• _TASK TO COMPLETE_
Every line below must be copied as written, except for pictures.

━━━ EXTRACTED DATA

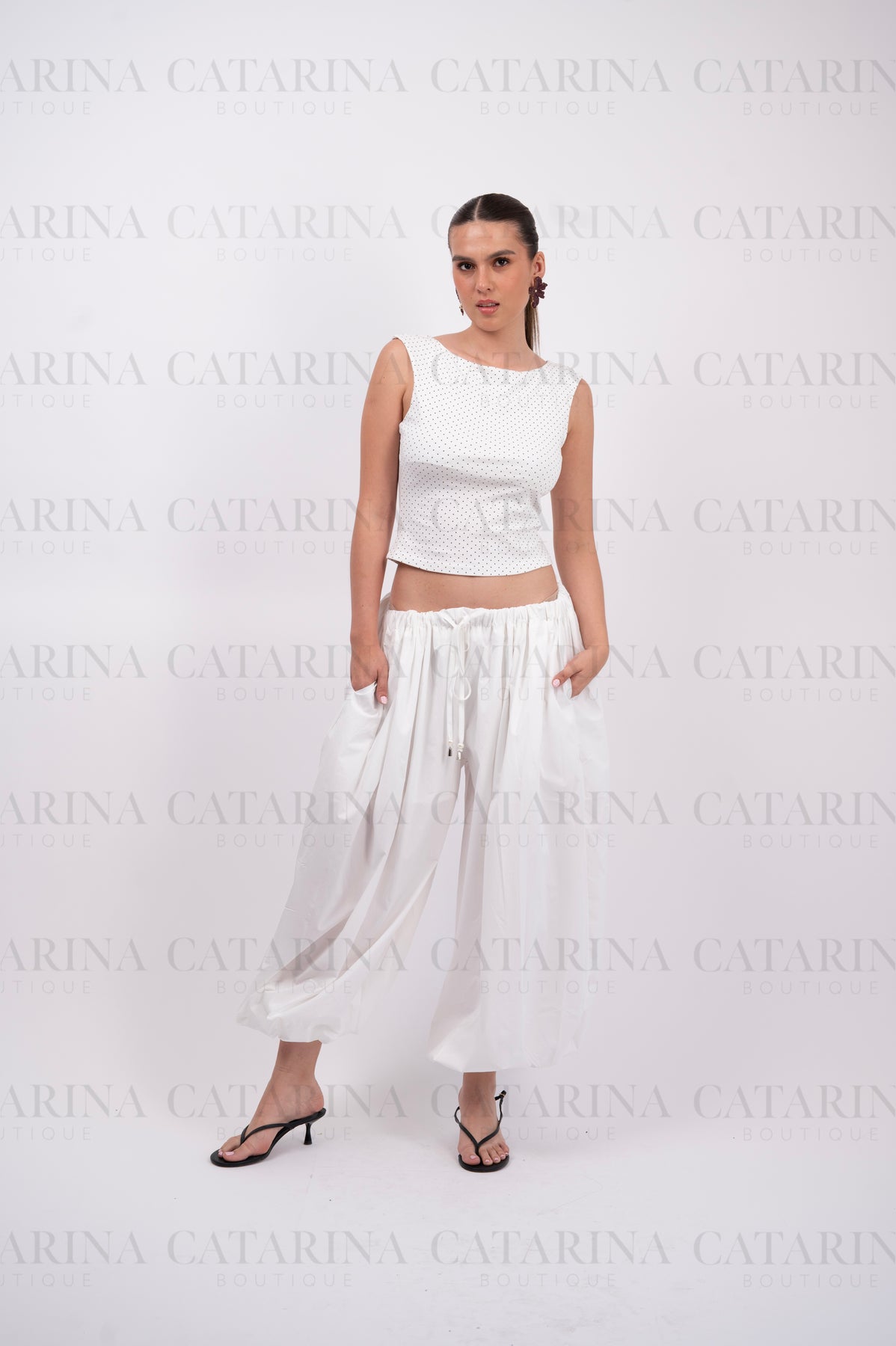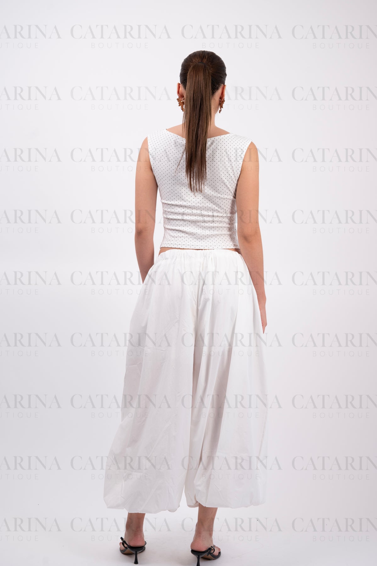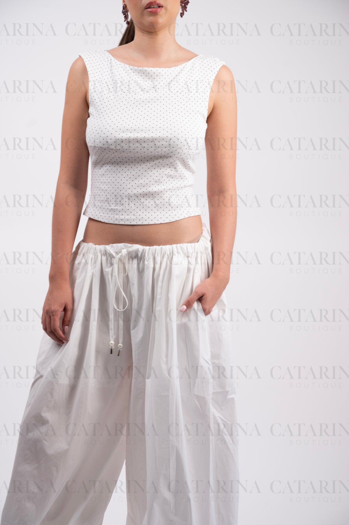 Elegante blusa de silueta minimalista en color blanco, adornada con un delicado y tupido estampado de lunares (polka dots) en negro.
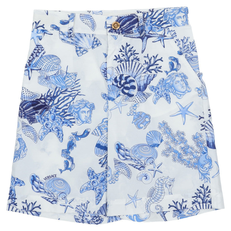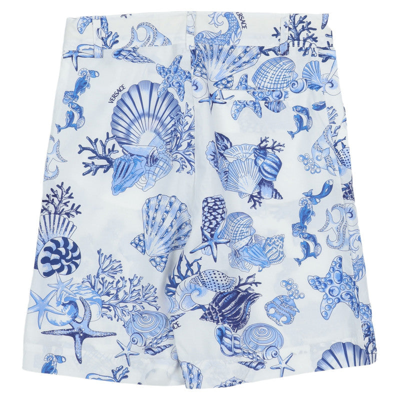 White shorts by luxury Italian brand Versace, made in soft, smooth cotton poplin. They feature the designer's Coral Theatre print in blue incorporating corals, seashells and starfish motifs, with subtle navy blue logos.
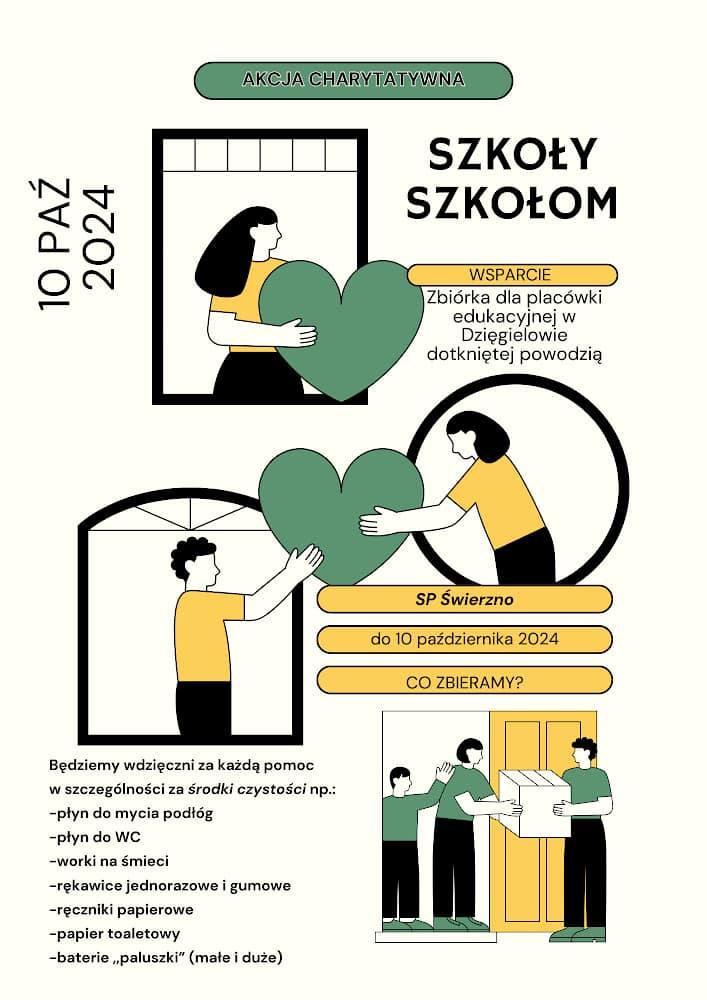 Organizujemy zbiórkę darów dla powodzian w ramach akcji „Szkoły Szkołom”. Nasza pomoc skierowana będzie do Przedszkola Publicznego w Puńcowie w Zespole Szkolno-Przedszkolnym w Dzięgielowie.
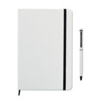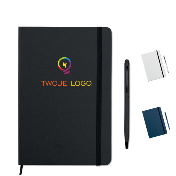 Zestaw notes A5 z długopisem z rysikiem 2 w 1 to wszechstronny i elegancki gadżet reklamowy, który z pewnością przykuje uwagę klientów i partnerów biznesowych. Twarda okładka z PU nadaje zestawowi luksusowy wygląd i zapewnia trwałość, chroniąc kartki przed zagnieceniami i uszkodzeniami. 144 strony w linie (72 kartki) oferują dużo miejsca na notatki, plany czy rysunki. Długopis z rysikiem do ekranów dotykowych to niezwykle praktyczny dodatek, umożliwiający wygodne przełączanie się między pisaniem na papierze a obsługą urządzeń dotykowych. Niebieski tusz zapewnia wyraźne i trwałe zapisy. Dopasowany elastyczny pasek zamykający i zakładka z tasiemki zwiększają funkcjonalność notesu, zapewniając wygodę użytkowania i łatwy dostęp do ważnych stron. Personalizacja zestawu poprzez naniesienie logo firmy czyni go doskonałym narzędziem marketingowym, które zwiększa rozpoznawalność marki i podkreśla jej profesjonalizm.
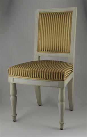 Paire de CHAISES en bois mouluré et relaqué gris. Pieds antérieurs dits "Jacob". Pieds postérieurs en sabre. Dossier plat légèrement renversé. Traverse antérieure légèrement galbée.
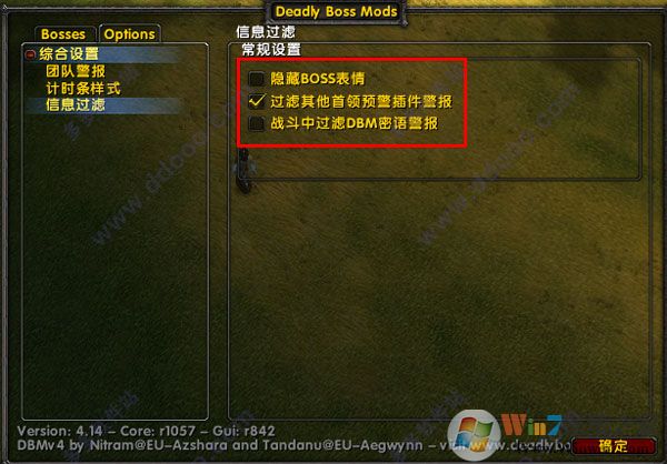 信息过滤 —— 在信息过滤功能中可以选择隐藏BOSS表情,过滤其他插件报警以及战斗中过滤DBM密语警报功能
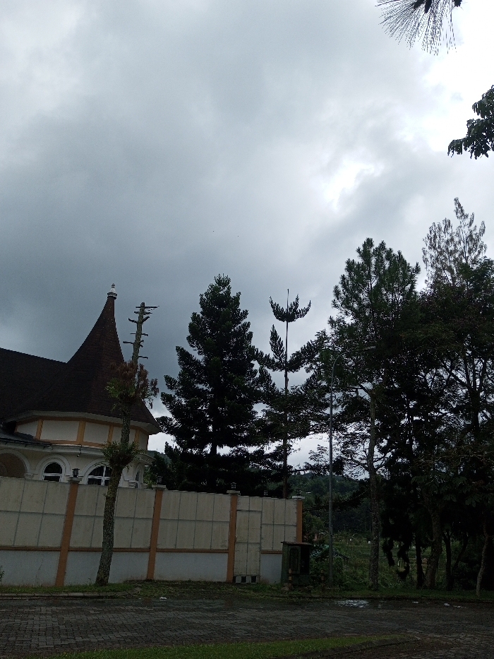 This image depicts an outdoor scene in Orehat, India, under a heavily overcast, dark grey sky, indicating diffused light conditions. On the left, a portion of a building with light-colored walls and several arched windows is visible, featuring a prominent dark brown, conical roof topped with a small finial. A slender, light-colored tree trunk or utility pole stands directly next to the conical roof. A low, light-colored wall with vertical orange-brown sections extends across the mid-ground, separating the building area from an open space. Behind and to the right of this wall, multiple tall, dark green coniferous trees with varied branch patterns are present; one distinct tree exhibits a trident-like formation at its upper section. Further beyond the trees, a hazy, lighter green hillside is visible. The foreground consists of a paved surface, resembling interlocking pavers, with several dark, wet patches, suggesting moisture. A strip of green grass runs along the edge of the paved area, and a small, dark green utility box or shelter is positioned near the wall on the right. No individuals, explicit actions, or interactions are visible in the scene.
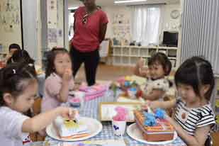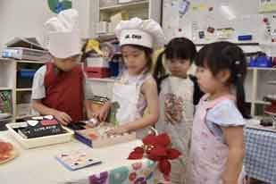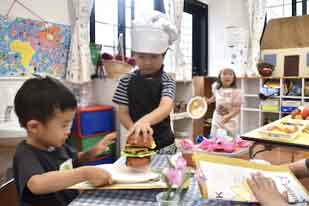 Big kidsが作ったエッグプレートをメイン・ディッシュに、今日だけのHKレストランがオープンしました。シェフとお客さんに分かれ、シェフはエプロンを付けてシェフ・ハットを被り、本物になった気分♪
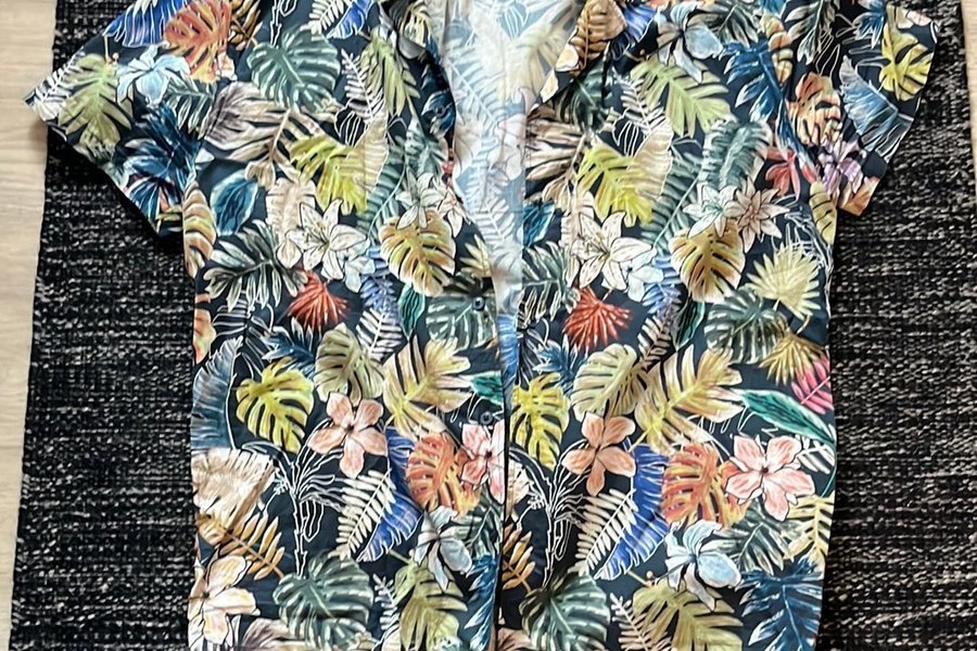 Färgglad kortärmad skjorta med ett mönster av tropiska blad och blommor i olika färger som grönt, gult, blått, orange och rosa. Skjortan har en klassisk krage och knappar fram.
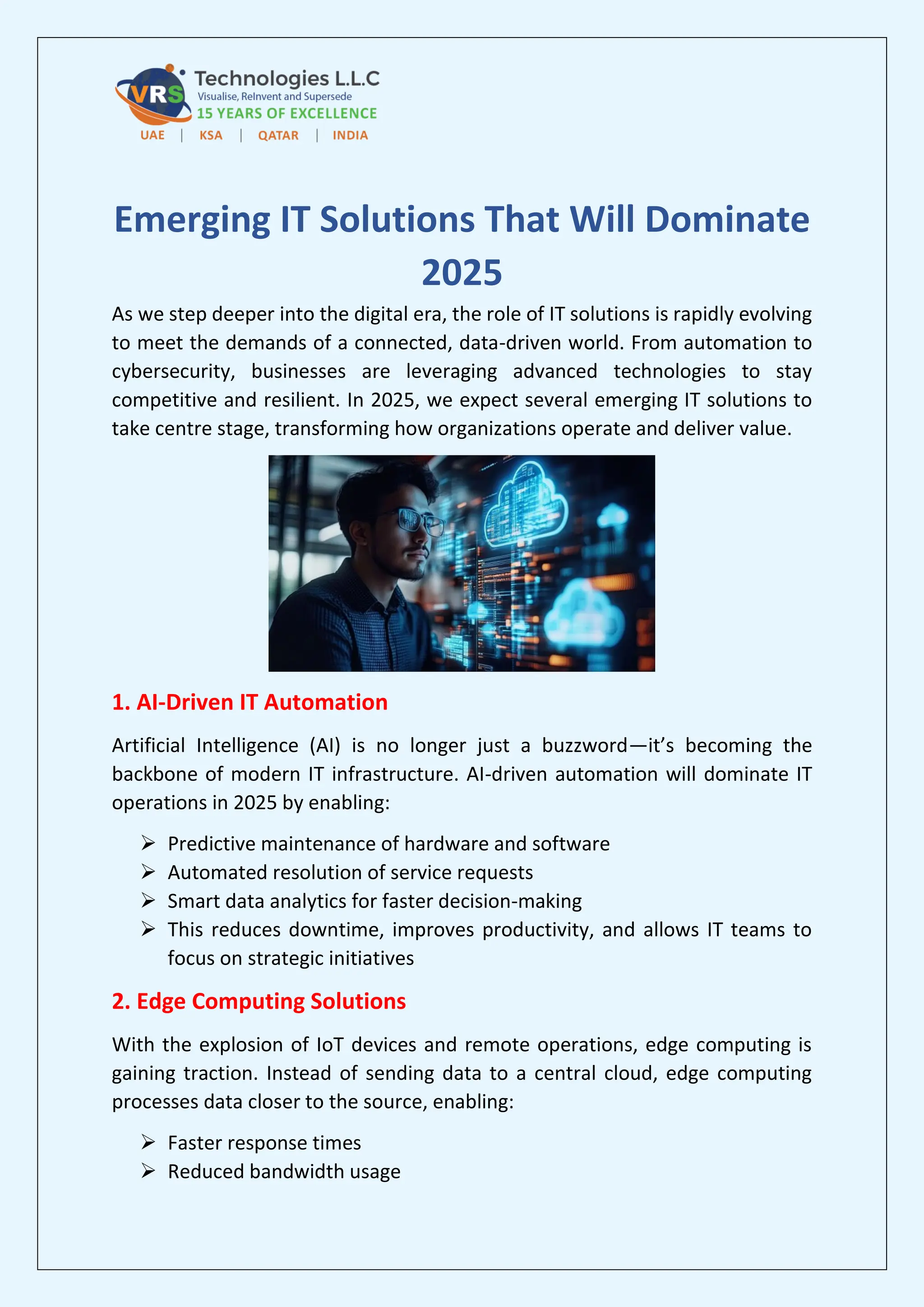 Discover top emerging IT solutions set to transform businesses and tech landscapes in 2025. VRS Technologies LLC offers the best services of IT Solution in Dubai, For more information contact us: +971-56-7029840 Visit us: https://www.vrstech.com/it-solutions-dubai.html

━━━━━━

• _WRITTEN RESPONSE_
 Elegante blusa de silueta minimalista en color blanco, adornada con un delicado y tupido estampado de lunares (polka dots) en negro.
 White shorts by luxury Italian brand Versace, made in soft, smooth cotton poplin. They feature the designer's Coral Theatre print in blue incorporating corals, seashells and starfish motifs, with subtle navy blue logos.
 Organizujemy zbiórkę darów dla powodzian w ramach akcji „Szkoły Szkołom”. Nasza pomoc skierowana będzie do Przedszkola Publicznego w Puńcowie w Zespole Szkolno-Przedszkolnym w Dzięgielowie.
 Zestaw notes A5 z długopisem z rysikiem 2 w 1 to wszechstronny i elegancki gadżet reklamowy, który z pewnością przykuje uwagę klientów i partnerów biznesowych. Twarda okładka z PU nadaje zestawowi luksusowy wygląd i zapewnia trwałość, chroniąc kartki przed zagnieceniami i uszkodzeniami. 144 strony w linie (72 kartki) oferują dużo miejsca na notatki, plany czy rysunki. Długopis z rysikiem do ekranów dotykowych to niezwykle praktyczny dodatek, umożliwiający wygodne przełączanie się między pisaniem na papierze a obsługą urządzeń dotykowych. Niebieski tusz zapewnia wyraźne i trwałe zapisy. Dopasowany elastyczny pasek zamykający i zakładka z tasiemki zwiększają funkcjonalność notesu, zapewniając wygodę użytkowania i łatwy dostęp do ważnych stron. Personalizacja zestawu poprzez naniesienie logo firmy czyni go doskonałym narzędziem marketingowym, które zwiększa rozpoznawalność marki i podkreśla jej profesjonalizm.
 Paire de CHAISES en bois mouluré et relaqué gris. Pieds antérieurs dits "Jacob". Pieds postérieurs en sabre. Dossier plat légèrement renversé. Traverse antérieure légèrement galbée.
 信息过滤 —— 在信息过滤功能中可以选择隐藏BOSS表情,过滤其他插件报警以及战斗中过滤DBM密语警报功能
 This image depicts an outdoor scene in Orehat, India, under a heavily overcast, dark grey sky, indicating diffused light conditions. On the left, a portion of a building with light-colored walls and several arched windows is visible, featuring a prominent dark brown, conical roof topped with a small finial. A slender, light-colored tree trunk or utility pole stands directly next to the conical roof. A low, light-colored wall with vertical orange-brown sections extends across the mid-ground, separating the building area from an open space. Behind and to the right of this wall, multiple tall, dark green coniferous trees with varied branch patterns are present; one distinct tree exhibits a trident-like formation at its upper section. Further beyond the trees, a hazy, lighter green hillside is visible. The foreground consists of a paved surface, resembling interlocking pavers, with several dark, wet patches, suggesting moisture. A strip of green grass runs along the edge of the paved area, and a small, dark green utility box or shelter is positioned near the wall on the right. No individuals, explicit actions, or interactions are visible in the scene.
 Big kidsが作ったエッグプレートをメイン・ディッシュに、今日だけのHKレストランがオープンしました。シェフとお客さんに分かれ、シェフはエプロンを付けてシェフ・ハットを被り、本物になった気分♪
 Färgglad kortärmad skjorta med ett mönster av tropiska blad och blommor i olika färger som grönt, gult, blått, orange och rosa. Skjortan har en klassisk krage och knappar fram.
 Discover top emerging IT solutions set to transform businesses and tech landscapes in 2025. VRS Technologies LLC offers the best services of IT Solution in Dubai, For more information contact us: +971-56-7029840 Visit us: https://www.vrstech.com/it-solutions-dubai.html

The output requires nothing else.